Ich habe nun in einem Fall dies auch gemacht, aber die Zuweisung ist nicht korrekt - Unter Statistiken wird die verschobene Website immernoch dem beim falschen Kunden angezeigt.

Wo in der Datenbank steht denn die Zuweisung der Webs & Domains zu welchem Kunden - hab da nicht richtig durchgeblickt


----------



## Till (30. Okt. 2007)

Ja, das geht. Die Funktion befindet sich unte Tools.


----------



## Feanwulf (31. Okt. 2007)

Die Funktion verschiebt zwar die Hostings - allerdings im ISPConfig bei den Statistiken finde ichd as Webhosting aktuell bei 2 Kunden.

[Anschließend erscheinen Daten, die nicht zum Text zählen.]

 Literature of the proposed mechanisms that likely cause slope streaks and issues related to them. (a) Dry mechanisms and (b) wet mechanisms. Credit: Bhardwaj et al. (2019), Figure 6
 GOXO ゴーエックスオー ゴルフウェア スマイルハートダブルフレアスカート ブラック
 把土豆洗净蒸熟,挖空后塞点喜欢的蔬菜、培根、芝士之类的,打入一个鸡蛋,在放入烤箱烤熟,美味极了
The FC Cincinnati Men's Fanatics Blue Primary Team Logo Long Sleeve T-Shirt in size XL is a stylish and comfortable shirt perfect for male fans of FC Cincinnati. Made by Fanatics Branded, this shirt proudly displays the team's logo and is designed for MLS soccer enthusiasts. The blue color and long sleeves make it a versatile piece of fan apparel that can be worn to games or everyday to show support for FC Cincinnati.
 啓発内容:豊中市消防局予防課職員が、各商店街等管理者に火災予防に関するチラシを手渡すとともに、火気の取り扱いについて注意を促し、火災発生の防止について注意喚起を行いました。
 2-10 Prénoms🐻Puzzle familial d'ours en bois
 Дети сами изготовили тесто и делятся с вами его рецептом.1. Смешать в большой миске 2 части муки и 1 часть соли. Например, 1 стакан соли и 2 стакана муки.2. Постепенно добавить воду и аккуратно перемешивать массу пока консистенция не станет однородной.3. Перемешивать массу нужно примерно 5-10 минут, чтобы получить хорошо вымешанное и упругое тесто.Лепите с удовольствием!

Soll mich nicht weiter Stören, weil ich selbst dieser Kunde bin - aber ist schon etwas unschön


----------



## Till (31. Okt. 2007)

Zitat von Feanwulf:


> Die Funktion verschiebt zwar die Hostings - allerdings im ISPConfig bei den Statistiken finde ichd as Webhosting aktuell bei 2 Kunden.
> 
> Soll mich nicht weiter Stören, weil ich selbst dieser Kunde bin - aber ist schon etwas unschön


Das "Verschieben" findet aber nur durch Änderung einer ID in der Datenbank statt, es geht also um Brechtigungen. Es wird dabei Kein Ordner geändert und auch keine Datei einer webseite. Es ist also unmöglich, dass das von Dir beschriebene Phänomen damit zu tun hat.


----------



## Feanwulf (23. Nov. 2007)

habe ein anderes Problem - das Web das ich verschoben habe kann ich nicht wieder woanders hin veschieben weils in der Liste nicht auftaucht!


----------